### [Task goal]
Write the listing out again word for word, leaving each picture behind.

### [Exercise data]
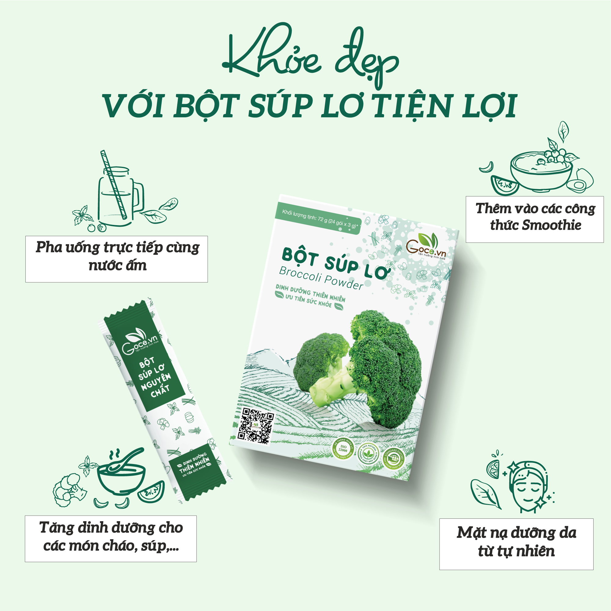 ✨Bột súp lơ nguyên chất Goce (Bông cải xanh) - 72g (24 gói x 3g)
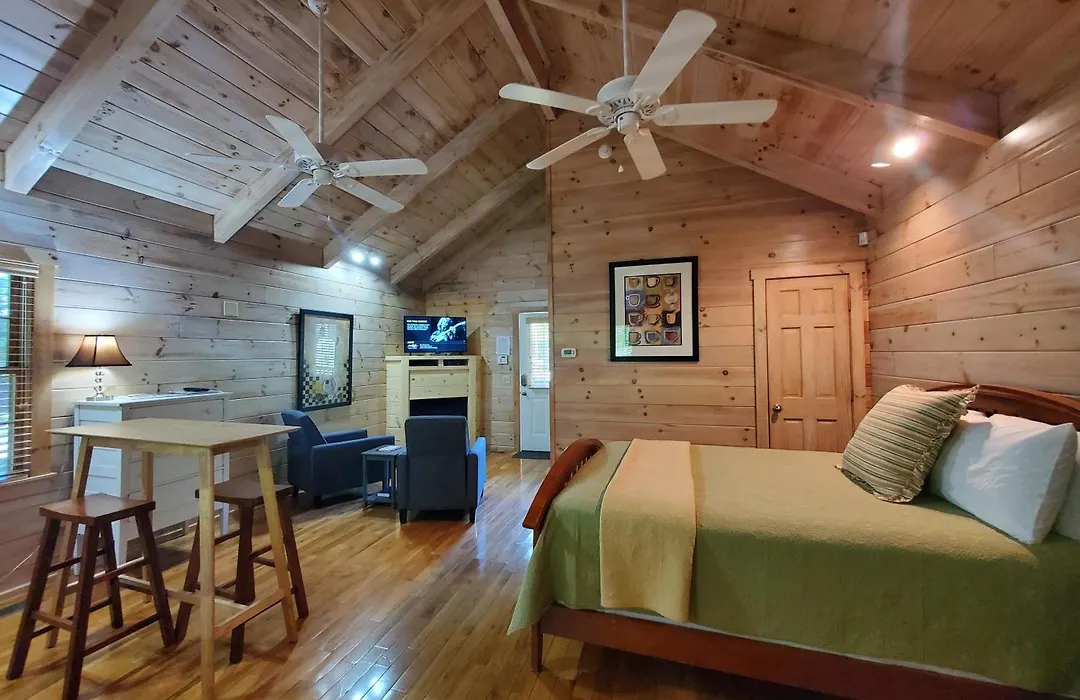 Each cabin features a fully equipped kitchenette, a flat-screen TV with satellite channels, and rockers on the back porch overlooking Chestnut Creek. All accommodations are smoke-free and include air conditioning, heating, and WiFi. The cozy setting allows for private relaxation at your leisure.
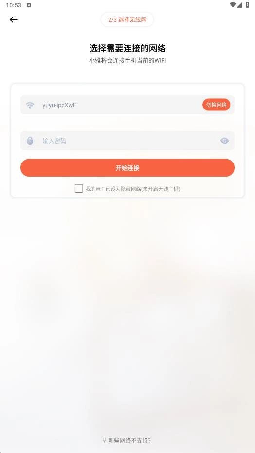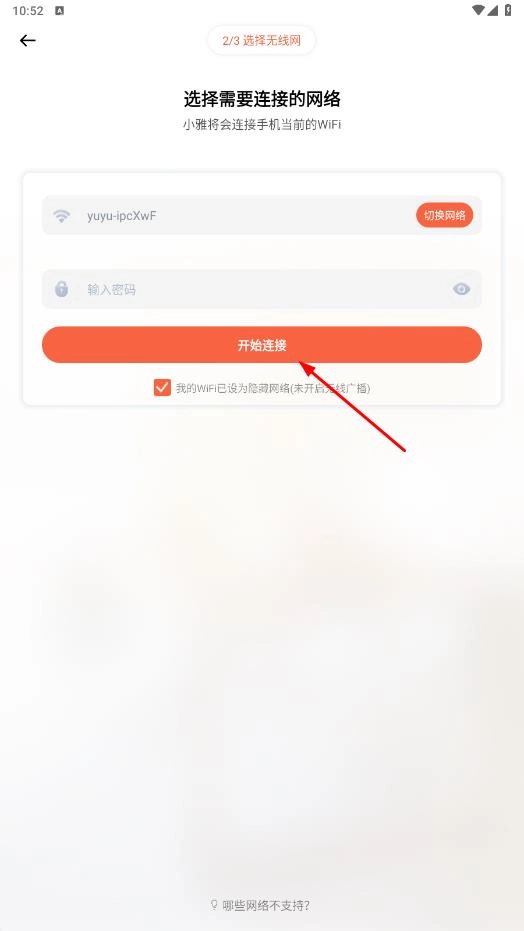 在网络选择界面核实WiFi名称,输入密码后勾选【我的WiFi已设为隐藏网络(未开启无线广播)】这一选项,最后点击【开始连接】按钮,即可完成网络配置流程。

### [Expected answer]
 ✨Bột súp lơ nguyên chất Goce (Bông cải xanh) - 72g (24 gói x 3g)
 Each cabin features a fully equipped kitchenette, a flat-screen TV with satellite channels, and rockers on the back porch overlooking Chestnut Creek. All accommodations are smoke-free and include air conditioning, heating, and WiFi. The cozy setting allows for private relaxation at your leisure.
 在网络选择界面核实WiFi名称,输入密码后勾选【我的WiFi已设为隐藏网络(未开启无线广播)】这一选项,最后点击【开始连接】按钮,即可完成网络配置流程。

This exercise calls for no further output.